Я был придавлен развалинами своего замка, но, конечно, исполнил его просьбу и написал. К концу года мне пришлось отправиться в те края, и там я имел случай с ним повидаться.
Он все еще служил у Эгштрема и Блэка, и мы встретились в комнате, которую они называли «наша приемная». Комната сообщалась с лавкой. Джим только что вернулся с судна и, увидев меня, опустил голову, готовясь к стычке.
– Что вы имеете сказать в свое оправдание? – начал я, как только мы обменялись рукопожатием.
– То, что я вам писал, – ничего больше, – упрямо сказал он.
– Парень стал болтать? – спросил я.
Он взглянул на меня, смущенно улыбаясь.
– О нет! Он не болтал. Он держал себя так, словно нас связала какая-то тайна. Напускал на себя таинственность всякий раз, как я приходил на фабрику; подмигивал мне почтительно, как будто хотел сказать: «Мы-то с вами знаем». Мерзко подлизывался, фамильярничал…

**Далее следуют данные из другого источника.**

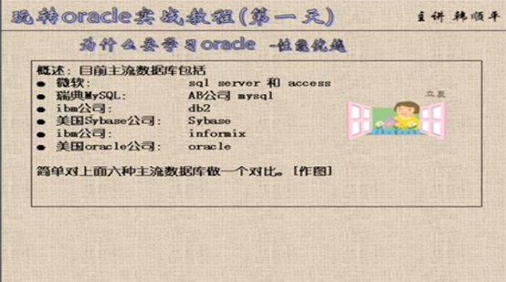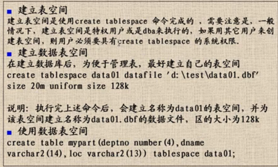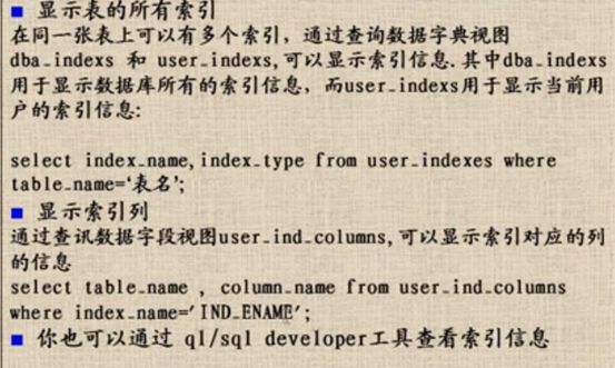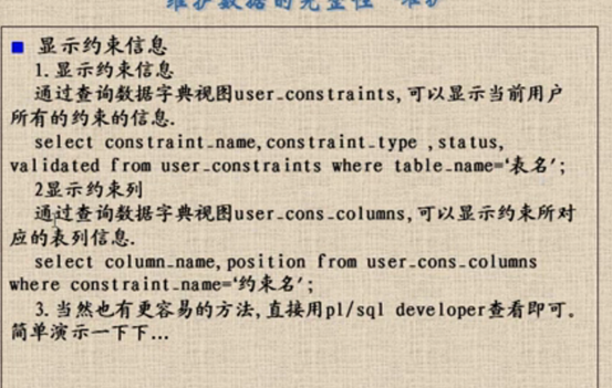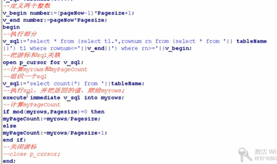 35 表空间脱联机 36 查看表所在的表空间 37 创建使用表空间 38 磁盘损坏移动表空间和数据 磁盘损坏移动表空间和数据2 39 控制表空间的读写 40 扩展表空间 41 删除表空间 42 查询表空间信息 43 五种约束 44 建表约束 45 增加表中列的约束 46 表级定义 47 列列级定义 48 删除主键约束 49 表的完整性:维护表的完整性 维护表的完整性2 50 查看索引信息 51 建立索引 52 系统权限 系统权限回收 对象权限授权 回收对象权限 53 角色相关操作 54 创建存储过程 55 plsql包的输出 56 块的相关介绍:带有变量的块 块的异常处理 57 存储过程相关介绍:java调用存储过程 57 存储过程之修改 58 函数相关介绍:函数的调用 函数使用例子 59 包的相关介绍:包的使用实例 包的调用 创建包体 60 变量相关介绍:变量的另类定义 变量在块中使用 定义变量的实例 变量表实例 复合变量 61 记录实例 62 游标实例 63 goto语句 64 进阶存储过程实例 65 循环2 循环实例 66 插入存储过程 创建输入与输出的存储过程 67 输入输出java调用 68 游标相关介绍:游标的java调用 游标数据的java调用 69 Oracle事务分页操作:分页的基础sq select * from (select a.*,rownum rn from (select * from emp) a where rownum<=10) where rownum>=6 select * from (select 别表.*,rownum rn from (select * from 表) 别表 where rownum<=截取前n条) where rownum>=筛选条件 所有分页查询变化在于如下内表的变化 select * from 表 分页sql语句2 分页包定义游标 分页源sql1 分页源sql2 分页在java的使用1 分页在java的使用2 70 异常相关介绍:异常 异常case_no_found 异常输入数据格式错误 异常游标没打开 异常之游标打开异常 自定义异常处理 71 视图相关介绍:视图 72 ORA-00054悲观锁的Kill 73 sql语句编写规范

Он бросился на стул и уставился на свои ноги.
– Как-то раз мы остались вдвоем, и парень осмелился сказать: «Ну, мистер Джеймс», – меня называли там мистером Джеймсом, словно я был сыном хозяина. – «Ну, мистер Джеймс, вот мы опять вместе. Здесь лучше, чем на старом судне, не правда ли?» Не возмутительно ли это? Я посмотрел на него, а он принял глубокомысленный вид. «Не беспокойтесь, сэр, – говорит. – Я сразу могу узнать джентльмена и понимаю, как должен джентльмен чувствовать. Надеюсь все же, что вы оставите за мной это место. Мне тоже туго пришлось из-за скандала с этой проклятой старой “Патной”».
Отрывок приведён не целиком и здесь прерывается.